Aktuelle Forschungen zeigten, so Arne Arns, dass Hochwasserschäden an den Küsten im 21. Jahrhundert deutlich zunehmen werden. Über Projektionen zu Meeresspiegelanstieg und Sturmfluten sowie die vielfältigen Formen von Küstenschutz arbeitet der Forscher in Kooperation mit Partnern aus Kiel, den USA und England. Sie haben ein Rechenmodell entwickelt, mit dem sich Sturmfluten besser beschreiben lassen. Doch wie gefährlich wird uns das Meer?

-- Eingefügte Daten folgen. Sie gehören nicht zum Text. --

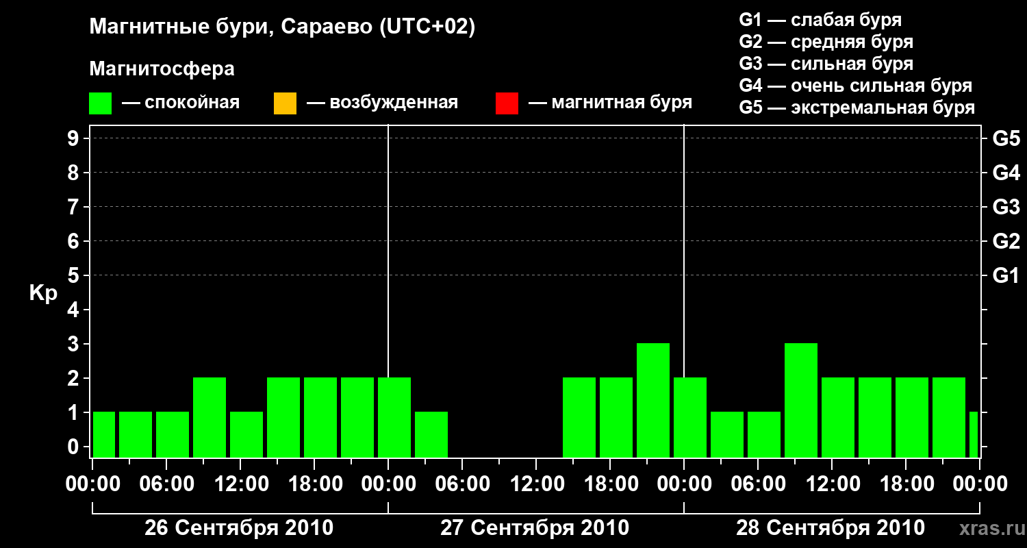 Изменения геомагнитного индекса Kp с 26 по 28 сентября 2010 года для средних широт

„Eine Sturmflut an der Küste sattelt auf immer höhere Basiswasserstände auf“, sagt der Experte für Wasserbau. „Eine Sturmflut, die heute im statistischen Mittel etwa alle einhundert Jahre auftritt, könnte Ende des Jahrhunderts dann deutlich häufiger, zum Beispiel jährlich über das Meer wüten“. Berechnungen würden zeigen, dass der aktuelle Bemessungswasserstand, d.h. der Wasserstand zur Festlegung der Höhe des erforderlichen Hochwasserschutzes in Warnemünde im Jahr 2100 etwa alle zwei Jahre auftreten könnte. Gegenwärtig gebe es unterschiedliche Szenarien, nach denen unterschiedliche Meeresspiegelentwicklungen skizziert würden. Kurzum: „Es gibt einen großen Strauß an Werten, der gefiltert und in Maßnahmen umgemünzt werden muss“, betont Arns.
500 000 Kubikmeter Sand
Tatsächlich verschwinden durch Brandung und Sturmfluten jährlich Teile der Strände und der Dünen. „Wir versuchen im Moment, die Strände zu erhalten. Dafür sind jedes Jahr enorme Sandaufspülungen notwendig“, sagt der Rostocker Küstenforscher. 65 Prozent der Ostseeküste in Mecklenburg-Vorpommern (MV) sei rückgangsgefährdet. Damit der Strand und die Dünen nicht irgendwann ganz verschwunden seien, müssten etwa 500 000 Kubikmeter Sand künstlich wieder aufgespült werden. Dieser werde vom Meeresgrund in der Umgebung abgesaugt und an die Küste gebracht. „Wir sprechen im Küstenschutz von einem weichen, naturnahen Küstenschutz“, sagt Arne Arns. „Jeder, der am Meer wohnt, muss sich der Gefahr bewusst sein. Subjektiv werde die aktuelle Situation als sehr sicher eingeschätzt, weil beispielsweise in Warnemünde durch den Küstenschutz eine geschützte Situation geschaffen werde.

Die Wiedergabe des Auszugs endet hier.